Amphan is the second strongest storm on the Bay of Bengal since the 1999 Odisha super cyclone, said Mrutyunjaya Mohapatra, a senior scientist and cyclone forecasting specialist at the IMD, New Delhi. Mohapatra has led the tracking efforts that began in the second week of May, focused on what was then a low-pressure zone near the South Andaman Sea.

At one point on Monday night, Amphan had become the only super cyclone after the Odisha one over 20 years ago.

“The 1999 super cyclone had generated sustained wind speeds of 260-280kmph.
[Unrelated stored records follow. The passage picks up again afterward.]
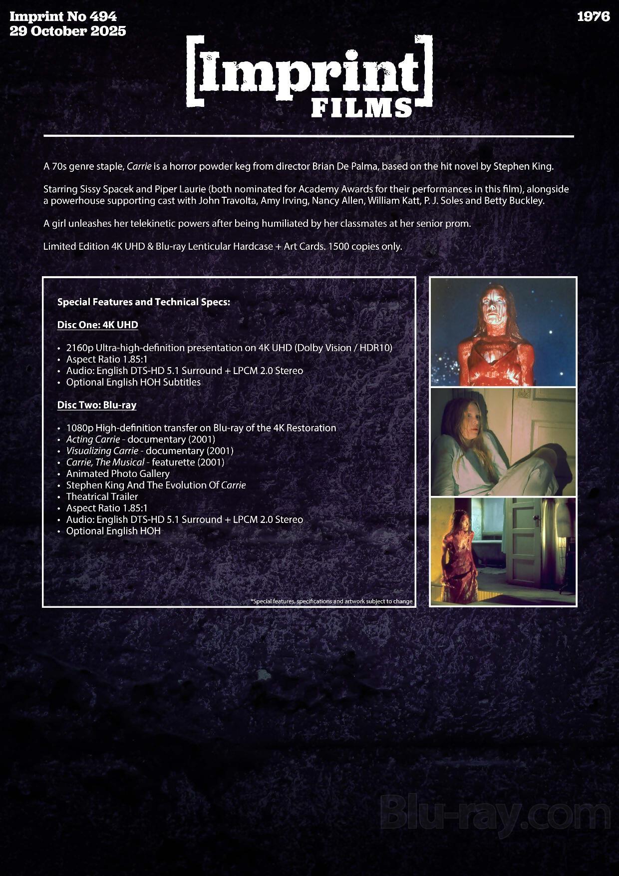 Carrie (1976). All releases are scheduled to arrive on the market on October 29.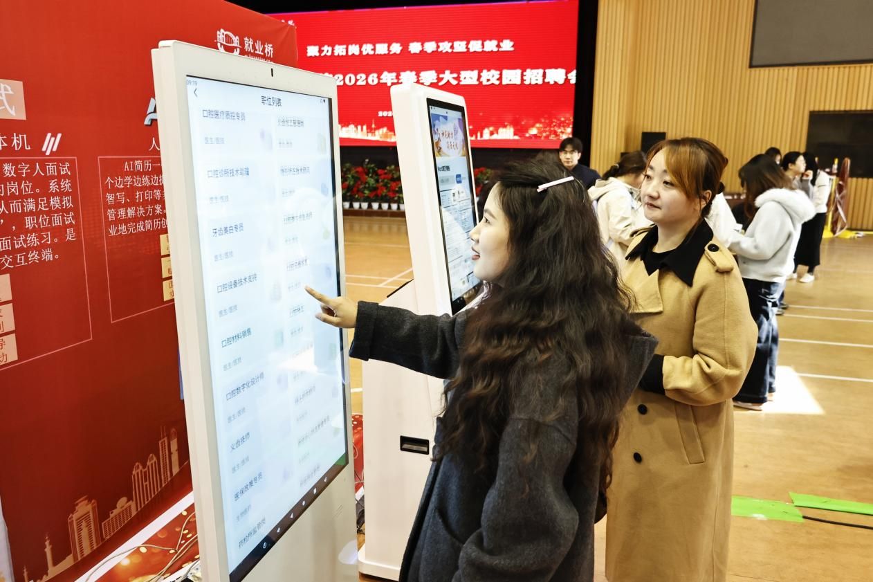 今年的招聘会现场亮点纷呈,最吸引眼球的莫过于全新亮相的AI赋能就业体验区,分别设置了咨询办理、生涯探索、模拟面试、简历制作等多个人工智能一体机,供同学们有序排队体验“智能诊断”服务。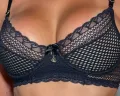 Conjunto de aro confeccionado em renda e renda arrastão, com colchete duplo, alça de regulagem de coração em metal dourado, busto sem forro. Calcinha regulável confeccionada em renda e renda arrastão com fundinho forrado em algodão.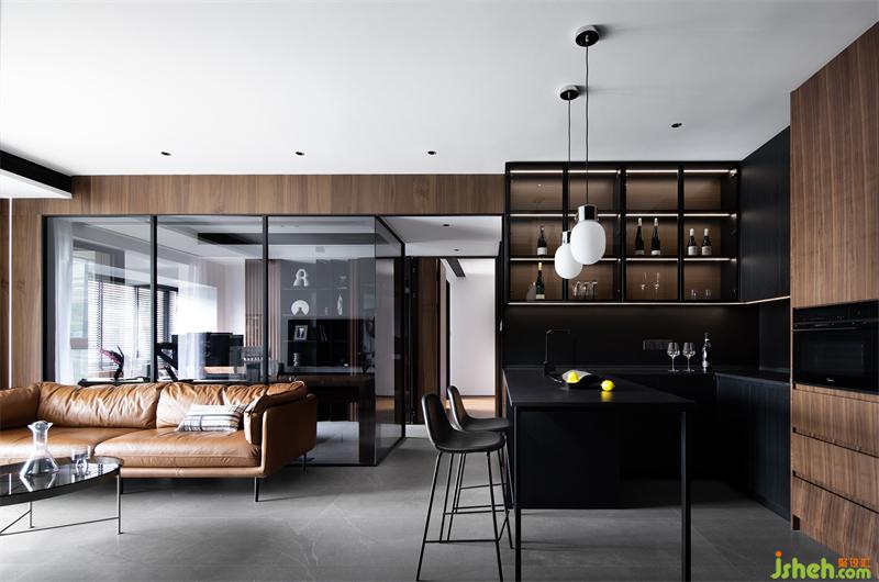 暗色系主题的家居设计语言搭配胡桃木色将空间兼蓄并收,营造出睿智而低调的独居氛围感,一面酒柜、一方吧台,隐匿在黑白二元对立的酷感中,这是明亮空间里无法带来的优奢与神秘感……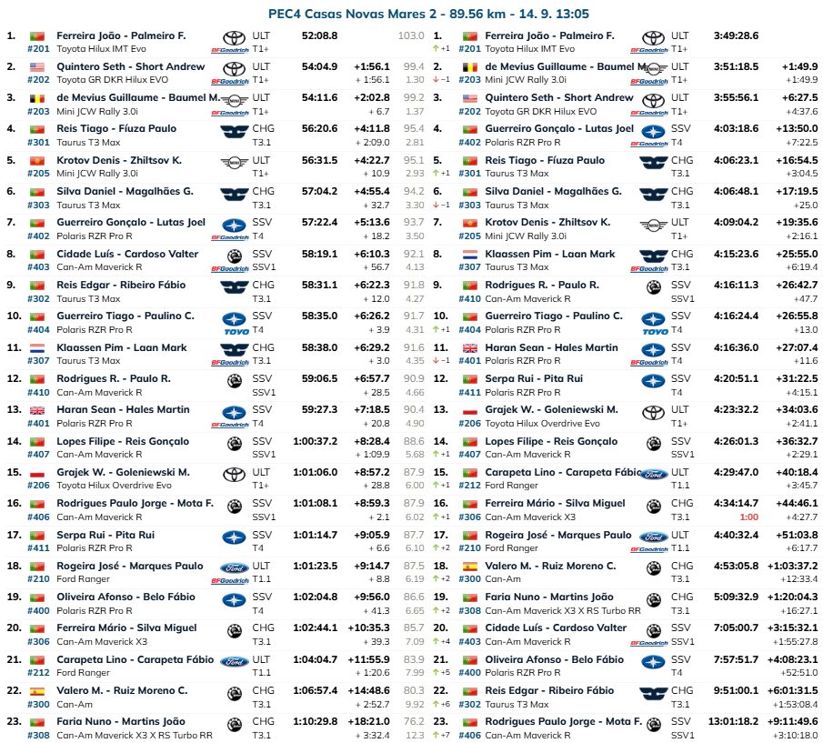 Seth Quintero-Andrew Short (Toyota Hilux) foram segundos na prova, depois de perderem quase dois minutos para os vencedores neste último Setor Seletivo, com Gonçalo Guerreiro-Joel Lutas (Polaris RZR ProR) a assegurar o quarto posto da geral, segundo do CPTT, triunfando nos SSV/T4.

Amphan had winds blowing at 230-240kmph,” Mohapatra said.

By Tuesday morning, Amphan had depleted from a super cyclone to an extremely severe cyclone.

The strength of storms is determined by wind speeds generated at their peak on the sea. Amphan had touched its peak wind speed on Monday night and the storm would lose some of the steam by the time it makes landfall.

Aila, a severe cyclonic storm that had ravaged the Sunderbans in 2009, had winds blowing at 110kmph during landfall.

Path

The system had been moving north-northwest at the beginning. But it did not travel in a straight path. Around Monday morning, it started to re-curve and travel in a north-northeast direction towards the Bengal and Bangladesh coasts.

A Met bulletin on Tuesday evening said Amphan was an “extremely heavy cyclonic storm over west-central Bay of Bengal about 360km from Paradip (Odisha) and 510km from Digha”.

It is expected to continue its north-northeastward journey and hit land. After landfall, the storm will pass through Bangladesh as a weakened depression, said a Met official.

The system is moving at a speed of 18kmph, said a Met bulletin.

Landfall

“The storm is a huge system that will take close to five-six hours to make a complete landfall,” said Mohapatra. The storm has a diameter of around 700km.

Even the depleted storm is expected to generate wind speeds of over 150kmph during landfall, with gusts clocking 185kmph, the Alipore Met office has said.

The core or the eye of a cyclonic storm is a relatively quiet zone, surrounded by the spiralling bands of winds.

As a storm passes, an area will experience the peripheral winds in the front. As the relatively calm core passes through land, there will be a brief lull. That will be followed by the passage of the rear winds, which are just as strong as the ones at the head of the spiral.

Calcutta connect

The storm is tipped to make landfall between Digha and Hatiya Island near the Sunderbans. Digha is 180km from Calcutta and the Indian Sunderbans around 110km. The peripheral or outer spiralling winds of Amphan are expected to brush the city.

Cradle

What looked like a small dot on an expanse of blue to meteorologists became a 700km-wide storm raging towards land.

“A low-pressure area had been hovering near the South Andaman Sea since April-end but it was becoming less marked every now and then. On May 13, the system became a well-marked low-pressure area and kept becoming stronger,” Mohapatra told The Telegraph.

The low pressure turned into a deep depression over southeast Bay of Bengal. On May 16 evening, it had intensified into a cyclone and further strengthened to a super cyclone on Monday.